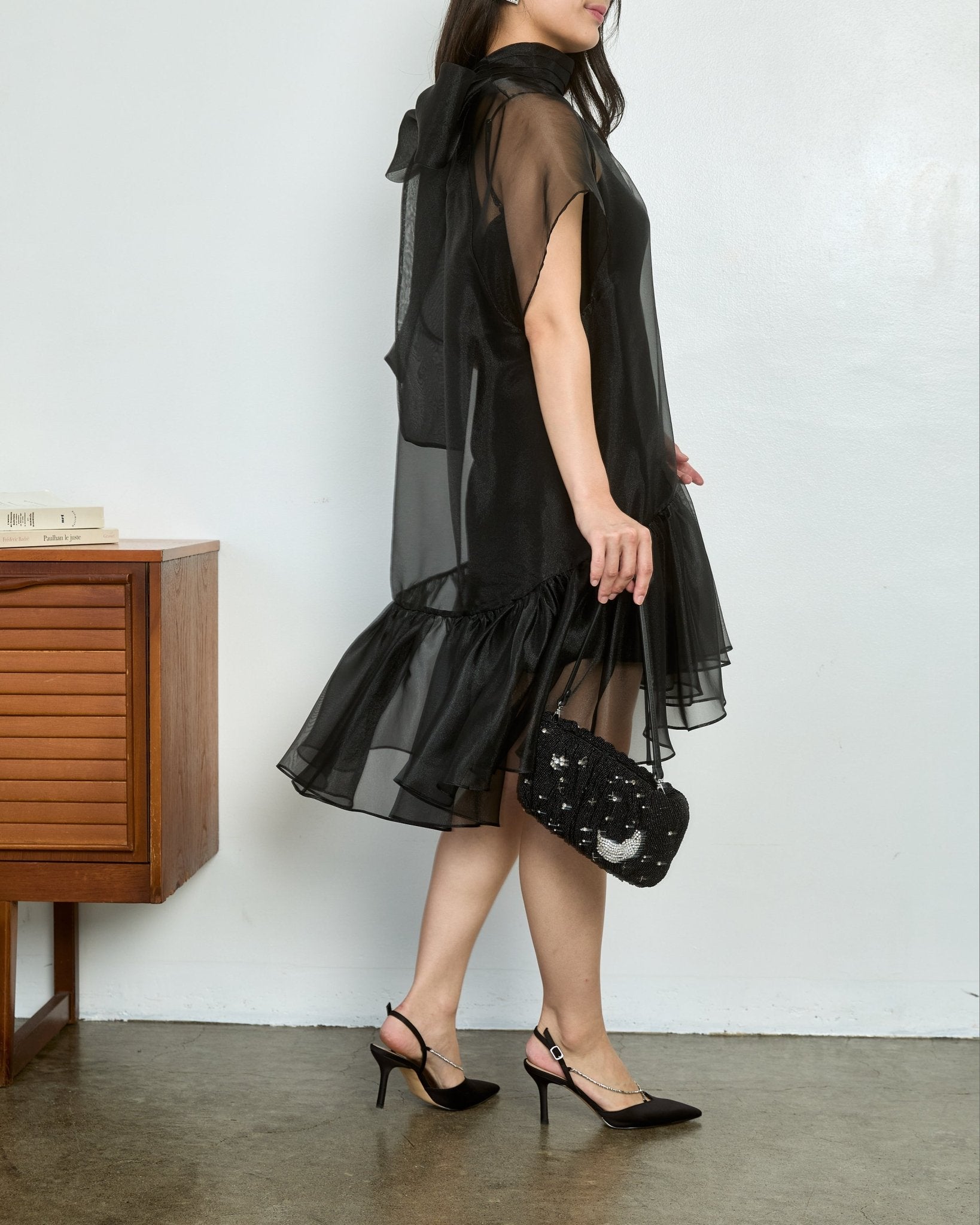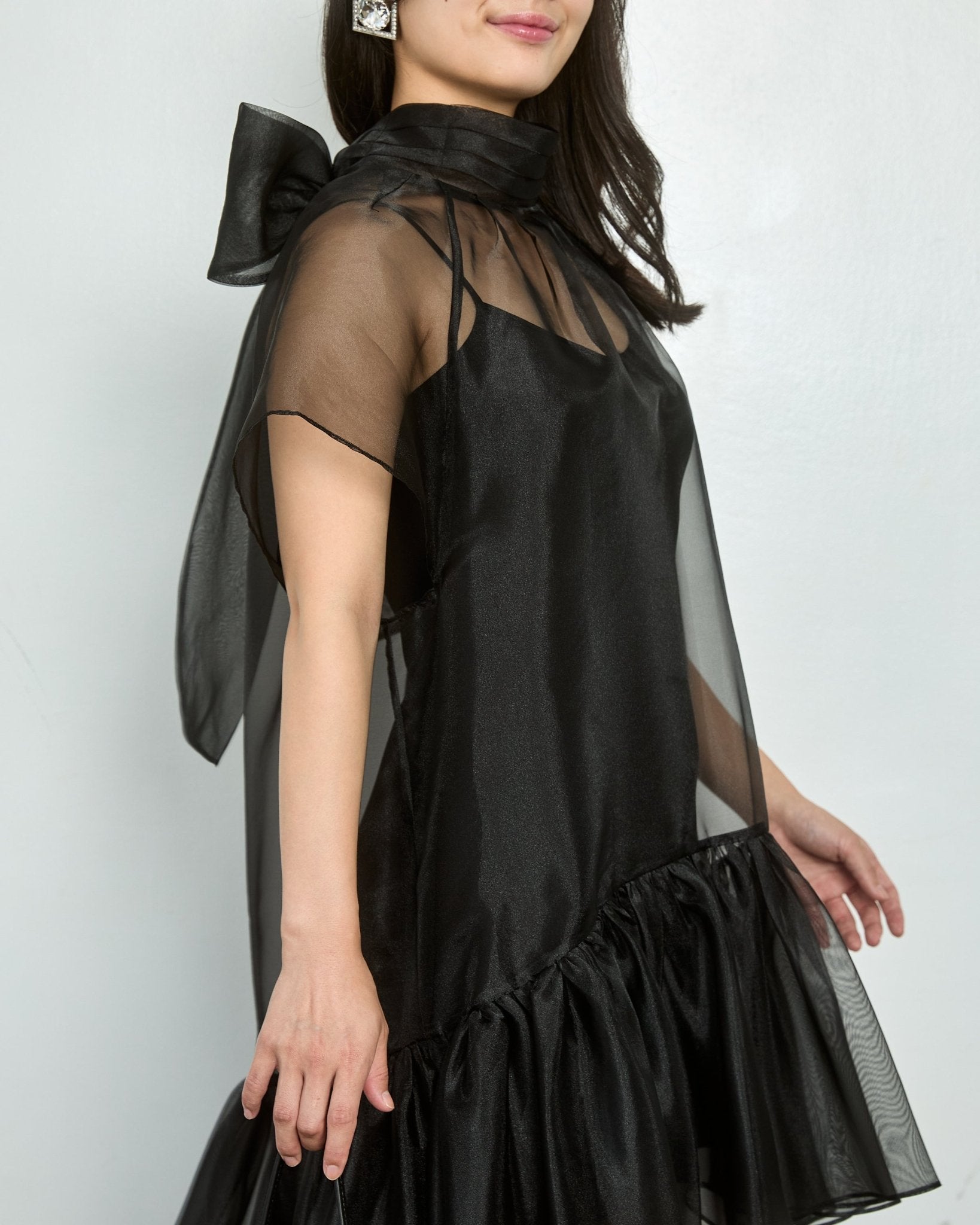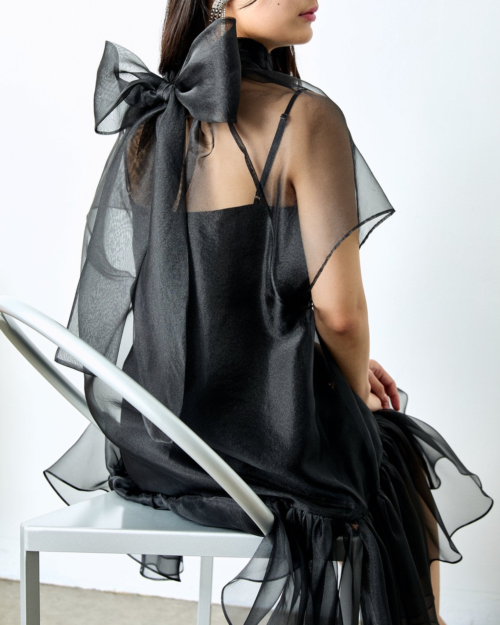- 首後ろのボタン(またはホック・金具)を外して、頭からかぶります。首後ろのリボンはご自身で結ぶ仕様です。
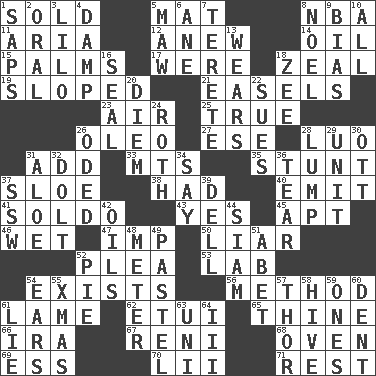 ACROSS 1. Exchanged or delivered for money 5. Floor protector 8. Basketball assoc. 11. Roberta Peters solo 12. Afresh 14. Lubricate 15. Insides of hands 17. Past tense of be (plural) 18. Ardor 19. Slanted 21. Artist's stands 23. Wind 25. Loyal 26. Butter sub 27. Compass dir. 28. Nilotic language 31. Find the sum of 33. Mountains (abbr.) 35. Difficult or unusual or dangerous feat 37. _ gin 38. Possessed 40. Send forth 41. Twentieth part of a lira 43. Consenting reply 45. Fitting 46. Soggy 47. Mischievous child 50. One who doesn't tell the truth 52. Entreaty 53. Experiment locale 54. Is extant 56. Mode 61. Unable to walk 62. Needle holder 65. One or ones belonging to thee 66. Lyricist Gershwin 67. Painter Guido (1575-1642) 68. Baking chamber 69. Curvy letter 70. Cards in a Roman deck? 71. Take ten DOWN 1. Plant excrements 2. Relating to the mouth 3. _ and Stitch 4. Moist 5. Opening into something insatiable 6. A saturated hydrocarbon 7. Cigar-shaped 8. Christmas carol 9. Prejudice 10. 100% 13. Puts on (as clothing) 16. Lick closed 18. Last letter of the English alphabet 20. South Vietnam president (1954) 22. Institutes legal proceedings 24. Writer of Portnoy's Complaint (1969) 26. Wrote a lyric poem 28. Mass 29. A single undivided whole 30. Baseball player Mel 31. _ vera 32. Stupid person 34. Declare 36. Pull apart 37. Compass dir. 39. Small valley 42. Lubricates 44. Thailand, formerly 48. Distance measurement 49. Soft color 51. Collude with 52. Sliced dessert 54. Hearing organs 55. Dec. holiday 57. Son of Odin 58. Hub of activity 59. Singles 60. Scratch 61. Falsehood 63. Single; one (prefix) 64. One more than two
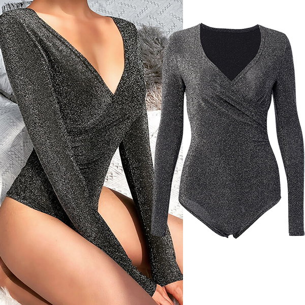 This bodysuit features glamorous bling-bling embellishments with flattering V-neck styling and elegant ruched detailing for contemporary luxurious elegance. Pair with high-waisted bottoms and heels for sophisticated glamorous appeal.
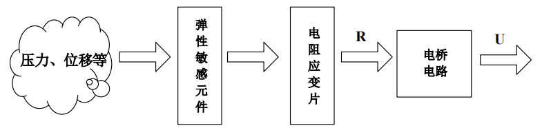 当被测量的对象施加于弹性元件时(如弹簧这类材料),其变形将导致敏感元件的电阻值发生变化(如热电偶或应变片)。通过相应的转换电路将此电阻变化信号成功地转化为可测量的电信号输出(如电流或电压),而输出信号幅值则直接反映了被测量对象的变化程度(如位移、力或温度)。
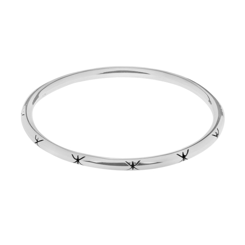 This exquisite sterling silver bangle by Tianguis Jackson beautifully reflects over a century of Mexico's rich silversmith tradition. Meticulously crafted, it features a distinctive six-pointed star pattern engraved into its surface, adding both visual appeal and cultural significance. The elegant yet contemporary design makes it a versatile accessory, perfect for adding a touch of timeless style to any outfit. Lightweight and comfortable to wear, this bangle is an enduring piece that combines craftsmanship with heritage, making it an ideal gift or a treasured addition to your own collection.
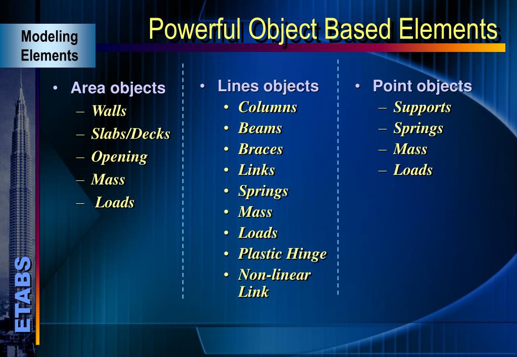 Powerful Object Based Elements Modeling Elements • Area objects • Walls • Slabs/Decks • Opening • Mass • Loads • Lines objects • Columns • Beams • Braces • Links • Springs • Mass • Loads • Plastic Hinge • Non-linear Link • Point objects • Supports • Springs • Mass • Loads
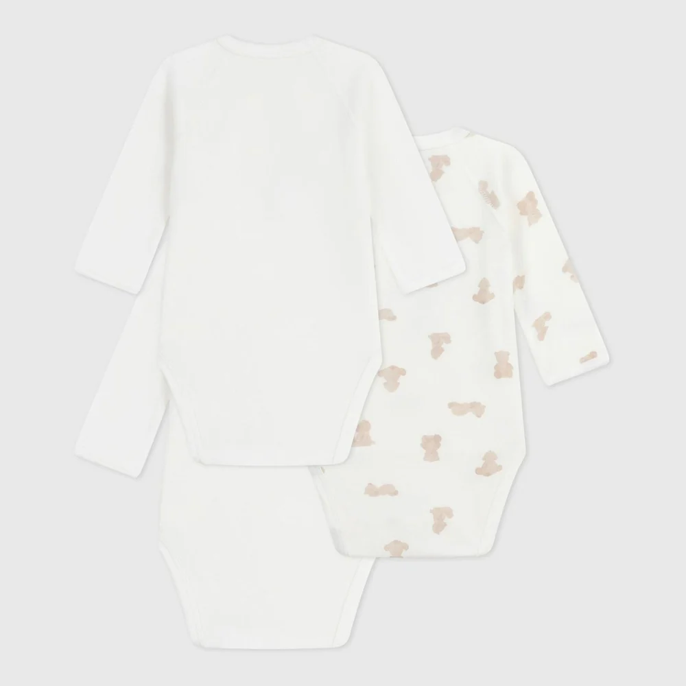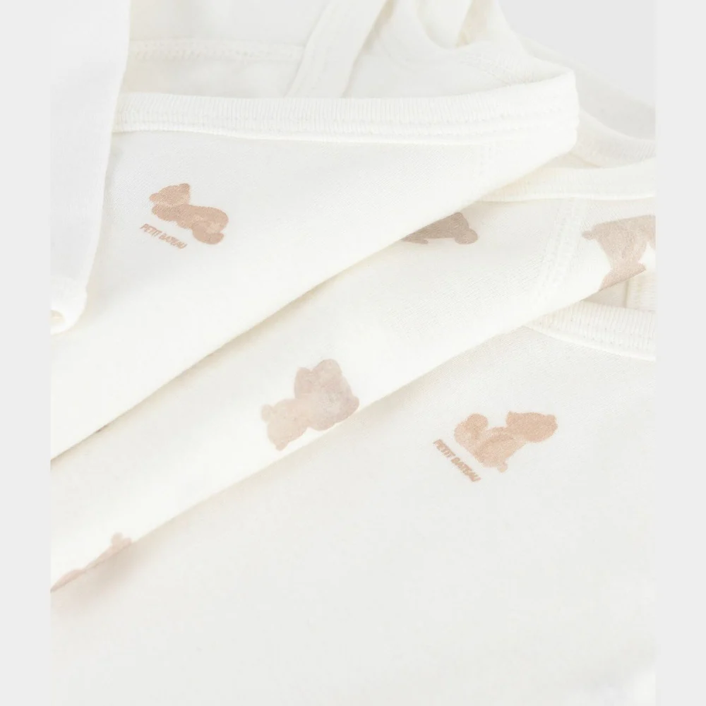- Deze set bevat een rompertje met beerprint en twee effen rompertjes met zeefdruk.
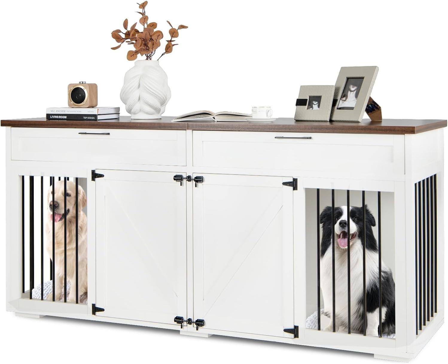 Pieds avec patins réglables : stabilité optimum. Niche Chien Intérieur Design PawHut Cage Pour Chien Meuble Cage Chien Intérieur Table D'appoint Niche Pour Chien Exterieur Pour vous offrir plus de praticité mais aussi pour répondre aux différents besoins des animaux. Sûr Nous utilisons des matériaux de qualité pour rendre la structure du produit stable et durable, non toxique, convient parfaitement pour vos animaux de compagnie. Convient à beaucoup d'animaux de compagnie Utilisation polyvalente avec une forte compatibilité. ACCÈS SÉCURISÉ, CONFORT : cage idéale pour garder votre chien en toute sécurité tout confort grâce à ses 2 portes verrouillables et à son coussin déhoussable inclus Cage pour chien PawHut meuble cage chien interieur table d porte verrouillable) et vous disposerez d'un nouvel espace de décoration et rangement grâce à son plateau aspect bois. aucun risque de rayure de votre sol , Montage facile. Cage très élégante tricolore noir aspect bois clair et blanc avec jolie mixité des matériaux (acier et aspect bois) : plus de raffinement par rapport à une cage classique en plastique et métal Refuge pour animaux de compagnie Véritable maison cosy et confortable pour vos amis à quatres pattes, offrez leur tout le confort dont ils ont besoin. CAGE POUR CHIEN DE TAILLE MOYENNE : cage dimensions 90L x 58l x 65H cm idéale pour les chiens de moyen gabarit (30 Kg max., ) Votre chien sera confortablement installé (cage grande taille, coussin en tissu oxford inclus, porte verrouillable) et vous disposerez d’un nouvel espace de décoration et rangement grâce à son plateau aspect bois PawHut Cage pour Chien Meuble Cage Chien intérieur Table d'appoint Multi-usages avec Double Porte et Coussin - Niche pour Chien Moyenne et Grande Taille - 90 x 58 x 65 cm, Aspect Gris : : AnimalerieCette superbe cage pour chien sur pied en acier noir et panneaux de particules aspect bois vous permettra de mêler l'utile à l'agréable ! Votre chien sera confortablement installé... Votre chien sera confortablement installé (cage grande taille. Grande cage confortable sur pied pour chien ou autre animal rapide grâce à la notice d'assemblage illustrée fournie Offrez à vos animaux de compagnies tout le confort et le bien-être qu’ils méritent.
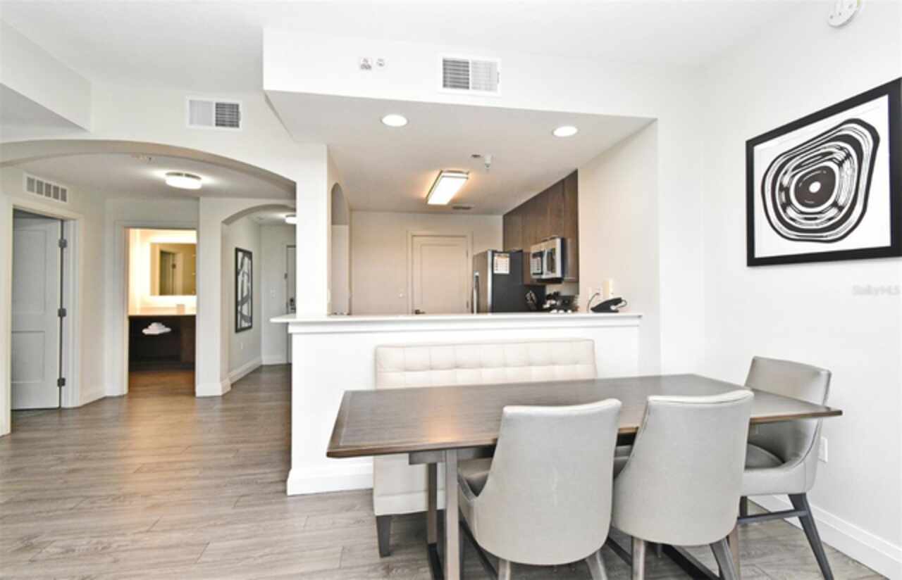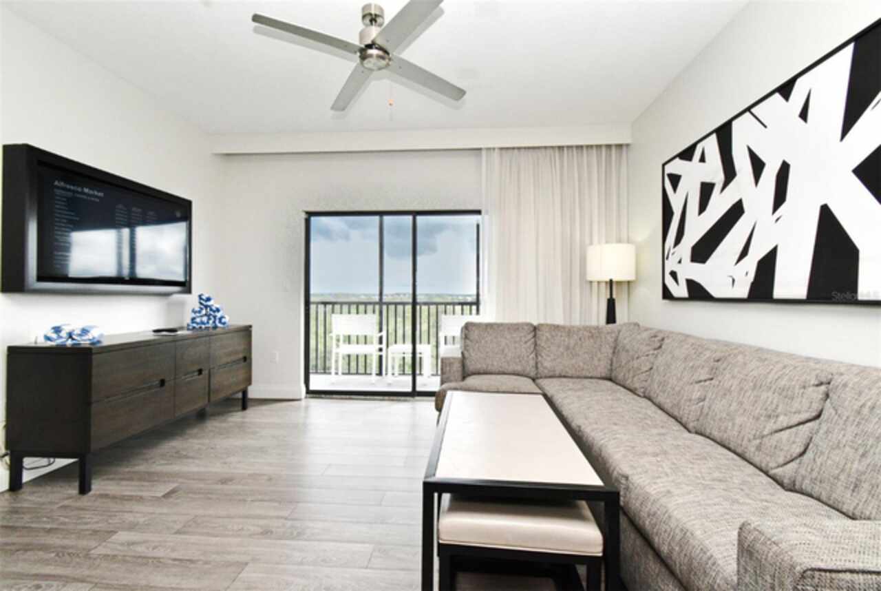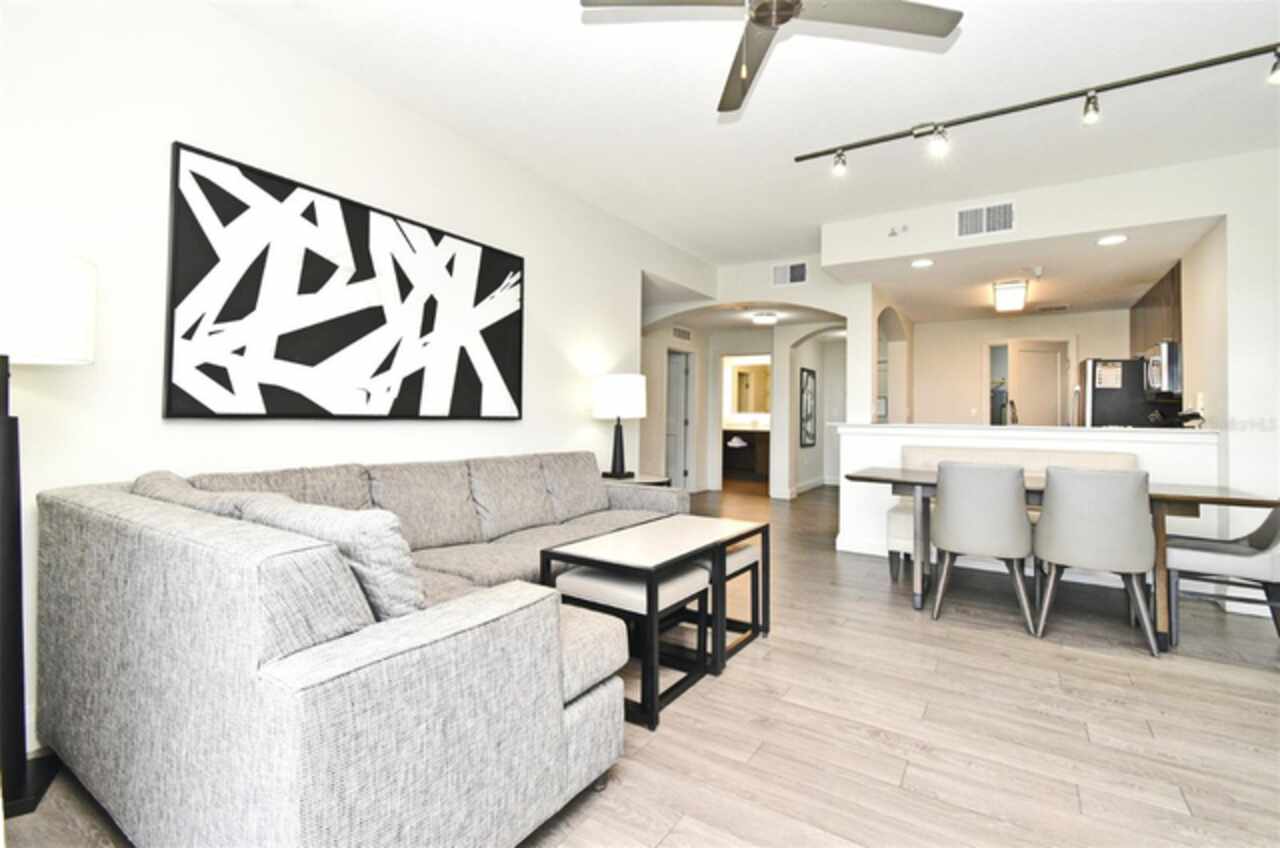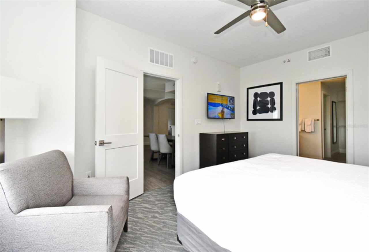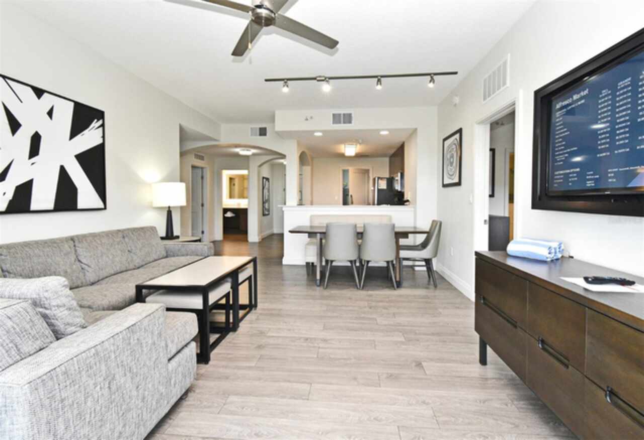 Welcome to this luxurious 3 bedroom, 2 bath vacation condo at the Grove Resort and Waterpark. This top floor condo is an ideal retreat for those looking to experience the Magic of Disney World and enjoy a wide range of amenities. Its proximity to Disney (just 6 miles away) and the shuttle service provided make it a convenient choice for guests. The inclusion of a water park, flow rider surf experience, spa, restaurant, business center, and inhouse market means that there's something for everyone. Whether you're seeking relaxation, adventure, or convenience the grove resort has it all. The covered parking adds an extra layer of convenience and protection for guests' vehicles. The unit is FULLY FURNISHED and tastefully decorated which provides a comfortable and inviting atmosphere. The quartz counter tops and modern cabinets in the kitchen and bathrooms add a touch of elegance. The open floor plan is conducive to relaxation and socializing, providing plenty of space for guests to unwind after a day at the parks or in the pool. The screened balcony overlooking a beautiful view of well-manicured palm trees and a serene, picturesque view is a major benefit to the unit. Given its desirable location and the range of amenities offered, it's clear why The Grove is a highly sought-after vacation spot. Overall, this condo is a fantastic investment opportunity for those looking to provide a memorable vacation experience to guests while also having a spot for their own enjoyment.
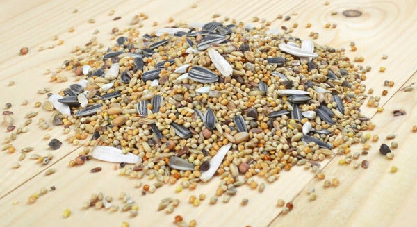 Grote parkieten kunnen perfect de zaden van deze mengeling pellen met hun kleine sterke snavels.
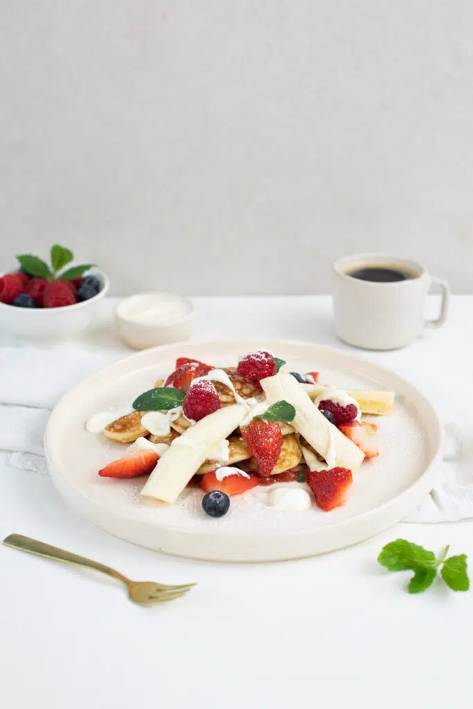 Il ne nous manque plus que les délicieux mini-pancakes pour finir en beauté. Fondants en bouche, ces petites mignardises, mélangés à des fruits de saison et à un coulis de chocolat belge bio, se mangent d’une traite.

TO DO: Range to copy from the listing above: the line with "Powerful Object Based" through the line with "- Deze set bevat". Transcribe it exactly and skip the pictures.

RESULT OF THIS EXERCISE:
 Powerful Object Based Elements Modeling Elements • Area objects • Walls • Slabs/Decks • Opening • Mass • Loads • Lines objects • Columns • Beams • Braces • Links • Springs • Mass • Loads • Plastic Hinge • Non-linear Link • Point objects • Supports • Springs • Mass • Loads
- Deze set bevat een rompertje met beerprint en twee effen rompertjes met zeefdruk.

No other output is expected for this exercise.